- **The problem**
Search the data below for the string "table". Extract every line that contains it.

***** Given entries

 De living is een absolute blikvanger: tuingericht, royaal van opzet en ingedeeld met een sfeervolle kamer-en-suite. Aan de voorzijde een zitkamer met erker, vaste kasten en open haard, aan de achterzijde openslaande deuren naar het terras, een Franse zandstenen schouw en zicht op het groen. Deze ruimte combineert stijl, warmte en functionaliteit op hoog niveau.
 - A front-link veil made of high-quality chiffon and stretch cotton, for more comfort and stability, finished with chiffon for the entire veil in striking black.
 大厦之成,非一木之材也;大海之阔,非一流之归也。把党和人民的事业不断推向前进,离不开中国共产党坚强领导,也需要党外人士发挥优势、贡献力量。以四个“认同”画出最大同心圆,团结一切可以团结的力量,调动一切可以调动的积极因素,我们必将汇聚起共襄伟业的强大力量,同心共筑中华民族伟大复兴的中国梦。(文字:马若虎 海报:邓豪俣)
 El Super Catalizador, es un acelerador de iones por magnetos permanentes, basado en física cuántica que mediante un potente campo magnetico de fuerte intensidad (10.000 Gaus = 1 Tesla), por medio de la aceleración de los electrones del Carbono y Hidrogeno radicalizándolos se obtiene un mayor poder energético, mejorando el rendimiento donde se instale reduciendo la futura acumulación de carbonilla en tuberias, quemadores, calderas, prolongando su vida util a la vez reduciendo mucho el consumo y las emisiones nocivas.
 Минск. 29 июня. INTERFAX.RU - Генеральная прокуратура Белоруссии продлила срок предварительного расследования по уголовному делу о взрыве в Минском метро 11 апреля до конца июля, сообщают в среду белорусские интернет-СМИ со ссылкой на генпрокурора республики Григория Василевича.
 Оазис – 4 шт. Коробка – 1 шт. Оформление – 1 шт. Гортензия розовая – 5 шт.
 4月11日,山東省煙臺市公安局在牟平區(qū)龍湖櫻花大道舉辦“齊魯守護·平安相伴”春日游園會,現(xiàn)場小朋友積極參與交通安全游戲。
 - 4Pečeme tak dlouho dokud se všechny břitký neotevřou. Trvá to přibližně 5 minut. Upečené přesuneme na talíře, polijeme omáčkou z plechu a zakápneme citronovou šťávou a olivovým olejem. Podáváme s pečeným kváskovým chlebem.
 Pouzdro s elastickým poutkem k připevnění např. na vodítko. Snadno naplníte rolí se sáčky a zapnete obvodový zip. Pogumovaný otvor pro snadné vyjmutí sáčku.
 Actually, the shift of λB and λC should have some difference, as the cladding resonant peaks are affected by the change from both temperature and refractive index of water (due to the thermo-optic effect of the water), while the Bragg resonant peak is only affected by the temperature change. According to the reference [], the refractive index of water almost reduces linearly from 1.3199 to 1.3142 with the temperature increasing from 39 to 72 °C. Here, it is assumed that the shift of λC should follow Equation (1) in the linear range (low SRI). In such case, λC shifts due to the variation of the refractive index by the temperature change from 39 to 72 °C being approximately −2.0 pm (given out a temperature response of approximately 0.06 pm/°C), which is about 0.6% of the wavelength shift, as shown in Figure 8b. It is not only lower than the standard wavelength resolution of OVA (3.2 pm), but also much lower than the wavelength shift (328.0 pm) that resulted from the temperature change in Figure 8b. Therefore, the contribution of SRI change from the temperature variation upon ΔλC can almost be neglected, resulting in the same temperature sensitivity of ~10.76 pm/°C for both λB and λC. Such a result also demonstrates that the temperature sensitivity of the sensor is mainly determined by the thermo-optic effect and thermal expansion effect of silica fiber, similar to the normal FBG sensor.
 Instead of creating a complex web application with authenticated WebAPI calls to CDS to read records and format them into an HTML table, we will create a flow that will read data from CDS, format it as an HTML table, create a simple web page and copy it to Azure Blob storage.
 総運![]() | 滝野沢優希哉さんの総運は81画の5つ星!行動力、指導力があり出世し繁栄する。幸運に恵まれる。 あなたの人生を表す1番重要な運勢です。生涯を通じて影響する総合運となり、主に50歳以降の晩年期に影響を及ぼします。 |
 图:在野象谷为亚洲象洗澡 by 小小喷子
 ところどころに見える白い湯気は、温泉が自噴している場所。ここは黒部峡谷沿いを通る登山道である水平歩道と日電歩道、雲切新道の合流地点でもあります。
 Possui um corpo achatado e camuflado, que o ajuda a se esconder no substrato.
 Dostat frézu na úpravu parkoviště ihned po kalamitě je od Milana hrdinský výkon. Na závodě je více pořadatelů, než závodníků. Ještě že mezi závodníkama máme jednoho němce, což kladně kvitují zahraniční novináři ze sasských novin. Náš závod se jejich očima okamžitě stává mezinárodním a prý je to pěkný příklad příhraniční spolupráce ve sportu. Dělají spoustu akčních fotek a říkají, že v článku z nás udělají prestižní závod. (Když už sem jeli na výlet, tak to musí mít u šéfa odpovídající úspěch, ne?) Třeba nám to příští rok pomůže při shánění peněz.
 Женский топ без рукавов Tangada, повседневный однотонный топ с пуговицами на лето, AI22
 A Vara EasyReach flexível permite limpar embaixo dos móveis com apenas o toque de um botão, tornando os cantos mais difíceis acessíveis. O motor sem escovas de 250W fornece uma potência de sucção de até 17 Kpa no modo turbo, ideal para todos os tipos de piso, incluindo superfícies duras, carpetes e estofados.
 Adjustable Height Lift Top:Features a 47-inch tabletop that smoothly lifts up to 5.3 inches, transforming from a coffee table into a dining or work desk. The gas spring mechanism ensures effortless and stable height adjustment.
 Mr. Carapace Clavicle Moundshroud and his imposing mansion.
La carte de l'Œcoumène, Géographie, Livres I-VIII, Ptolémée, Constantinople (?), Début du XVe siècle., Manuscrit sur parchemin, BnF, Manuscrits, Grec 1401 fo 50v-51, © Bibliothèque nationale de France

**********

- **Output**
 Instead of creating a complex web application with authenticated WebAPI calls to CDS to read records and format them into an HTML table, we will create a flow that will read data from CDS, format it as an HTML table, create a simple web page and copy it to Azure Blob storage.
 Adjustable Height Lift Top:Features a 47-inch tabletop that smoothly lifts up to 5.3 inches, transforming from a coffee table into a dining or work desk. The gas spring mechanism ensures effortless and stable height adjustment.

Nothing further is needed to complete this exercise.